Published — Monday 2 June 2014
Last update 2 June 2014 12:07 am
RIO DE JANEIRO: An organ donation campaign by one of Brazil’s biggest football clubs targeting its fans has led to a massive rise in the number of life-changing transplants and reduced waiting lists for organs in the area almost to zero.
“Every Brazilian is born with football in the soul,” says Jorge Peixoto, of Sport Club Recife, one of the top teams in the north-east of the country.
For the last two years though, he has been more concerned about what happens to fans’ bodies when they die.
The club decided it “must look beyond the 11 players on the field and use its power for bigger things,” says Peixoto, the club’s vice-president for social programs.
It asked them to become “immortal fans” donating their organs after they die so that their love for the club will live on in someone else’s body, the BBC reported.
“I promise that your eyes will keep on watching Sport Club Recife,” says one man waiting for a cornea transplant in the television ad made to publicize the campaign.
“I promise that your heart will keep on beating for Sport Club Recife,” says a potential recipient of a transplanted heart.
The video is screened at every match in the club’s Ilha do Retiro stadium, a venue that seats 35,000 but could be filled almost twice over with the number of people who have signed up for a donor card — 66,000 so far.
The waiting list for organ transplants in the city of Recife was reduced to zero in the first year, Peixoto says, and the impact has also been felt throughout the surrounding state of Pernambuco.
“We used to perform from five to seven heart transplants a year, but last year we achieved 28… it was an incredible increase,” says Fernando Figueira, director of heart transplants at Pernambuco’s Institute of Integrated Medicine.
“There is a very tight connection between the campaign and this rise.”

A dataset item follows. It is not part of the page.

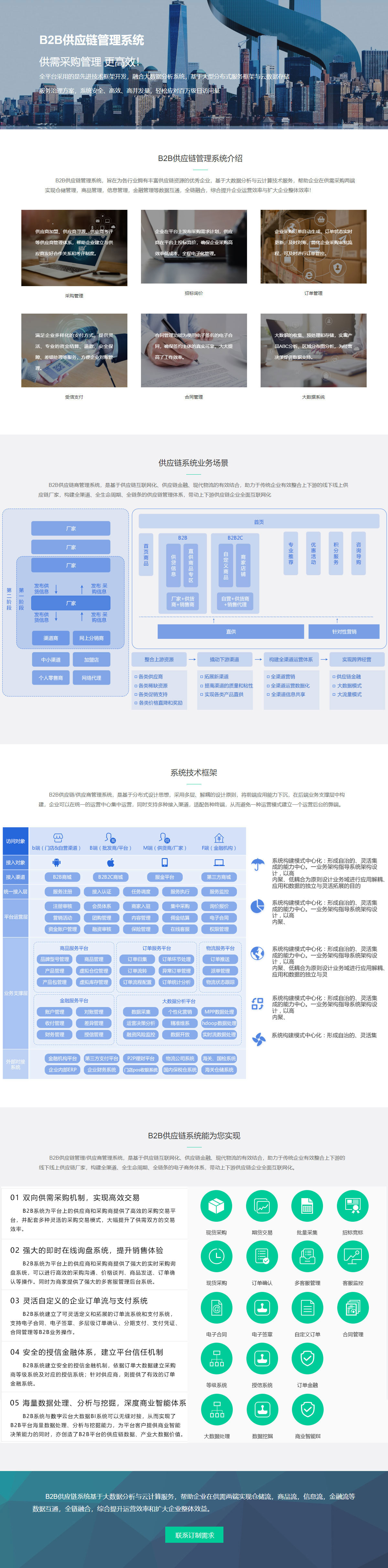 B2B供应链管理系统,旨在为各行业拥有丰富供应链资源的优秀企业,基于大数据分析与云计算技术服务,帮助企业在供需采购两端实现仓储管理,商品管理,信息管理,金融管理等数据互通,全链融合,综合提升企业运营效率与扩大企业整体效率!是基于供应链互联网化、供应链金融、现代物流的有效结合,助力于传统企业有效整合上下游的线下线上供应链厂家,构建全渠道、全生命周期、全链条的供应链管理体系,带动上下游供应链企业全面互联网化。B2B供应链/供应商管理系统,是基于分布式设计思想,采用多层、解耦的设计原则,将前端应用能力下沉,在后端业务支撑层中构建,企业可以在统一的运营中心集中运营,同时支持多种接入渠道,适配各种终端,从而避免一种运营模式建立一个运营后台的弊端。

People can apply online for the Sport Donor card — it’s the size of a credit card, the words printed over the outline of a heart with a fiery red backdrop.
According to Brazilian law, it’s up to the family to decide whether the organs of their loved ones will be donated after their death. But making this decision is not easy in such painful moments.
The success of the campaign has been noticed around the world and Sport Recife has been contacted by Paris Saint-Germain and Barcelona, both thinking about adopting similar campaigns, Peixoto says.
He hopes the forthcoming World Cup will help spread the idea further.